После новинского застоя эта кипучая жизнь, полная голосов и деятельности, даром что вся эта деятельность сосредоточена на «пятачке» маленького хозяйственного двора и огорода, невольно радует своим оживлением. Все здесь, начиная с самих теток, — и дом, и имение — очень миниатюрно. В сущности, какое там имение? Это небольшой хутор. Но очень все обжито. Не чувствуется ни в чем того умирания и той обреченности, которые везде сопутствовали «там» в последние годы. Здесь уже не хочется, как бывало, забраться с ногами в темный угол дивана, читая сладко томящие предвестием неотвратимой и близкой катастрофы строки Апокалипсиса. Глаз отдыхает на неиссякаемой зелени высоких сосен, которых не пугает перемена времени года и не трогает желтизна осеннего отмирания, на маленькой фигурке деятельного гнома из немецкой сказки — тети Дины, на животных, которым так хочется жить и радоваться жизни, хотя бы даже с переломленным крылом или ногой, лишь бы только жить, пить молоко, клевать зерно, встречать солнечные восходы по утрам…
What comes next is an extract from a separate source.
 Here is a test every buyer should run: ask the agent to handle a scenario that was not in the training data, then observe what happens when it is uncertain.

По настоянию отца мы обедаем отдельно, чтобы не доставлять лишних расходов и беспокойства приютившим нас теткам и ничего не изменять в их установившейся жизни. Но к обеду тетки присылают нам свежие овощи из своего огорода, и контраст их хозяйства с нашим, пришедшим в последнее лето в полный упадок, бескорыстно радует. Значит, если не везде, то где-то многое может сохраниться и идти по-старому? Я с аппетитом вгрызаюсь в обильно смазанный сливочным маслом золотистый початок сахарной кукурузы, разваренные зерна которой, вышелушиваясь, брызжут прямо в рот сладким соком, ем зеленые листья салата, облитого сметаной, отварную розовую картошку, посыпанную тонкими птичьими лапками укропа, и все это кажется мне удивительно вкусным. Лучше всего то, что жизнь, оказывается, не кончилась, она продолжается. Вот и папа как-то приободрился… Это верно. Отцу сейчас не приходится стараться быть веселым. Он не весел, но начатый огромным усилием воли перелом, которым он отрезал все, что осталось там, запретил себе даже думать и чувствовать так, как думал и чувствовал во многом еще вчера, этот перелом начинает далее как-то развиваться и сказываться сам собою.
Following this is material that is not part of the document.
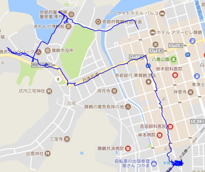 (東舞鶴地区の散策。 GPSロガーのログデータで実際に移動した場所の軌跡を表示)

«Жизнь кончилась, начинается житие», — невольно вспоминаются глубокие слова Лескова, когда я приступаю к воспоминаниям об этом последнем годе жизни отца. Надломленный смертью старшего сына, теперь, когда ему угрожала участь сломиться окончательно, он, напротив, полной грудью черпает из всего окружающего новые силы. Он готов ко всему. Ни на что не закрывает он глаз. Но впервые в жизни мягкая, снисходительная, без высокомерия улыбка становится преобладающей на его лице. Ничто более не раздражает его, не выводит из с таким трудом обретенного равновесия. Все хорошо в Божьем мире, и если не дано человеку изменять что-либо по своему суетному произволу, то и это ему же во благо… Смятенные, полные негодования мысли уступают место примиренному созерцанию; воля, с железной твердостью и упорством руководившая его поступками, уступает все чаще место ничем не стесняемым чувствам. Ум, на склоне его дней, переходит в иное качество, качество более высокое — мудрость. Несмотря на весь мнимый ужас окружающего и неумолимый ход событий, эти перемены так обогащают его внутренний мир, что он может снова легко и радостно делать карандашные зарисовки этих шумных сосен, дымков, поднимающихся из труб кухни и флигеля, в котором живут дачники теток, ослицы, запряженной в тележку, даже этой рыженькой собачонки, которая, забыв об ушибе, снова стремглав мчится по своим неотложным собачьим делам. Он подшучивает над старшей теткой, добродушно труня над ее непредприимчивостью и желчными сентенциями, гуляет по аллее, прислушиваясь к переговорам последних отлетающих птиц, шороху бурых листьев под ногами. Эта липовая аллейка даже и сейчас, поздней осенью, кажется веселой — так она не похожа на нашу величественную и мрачноватую полутемную липовую аллею. Он больше не порывается брать на себя такую ответственность, поднимать такую ношу, которая не по силам человеку.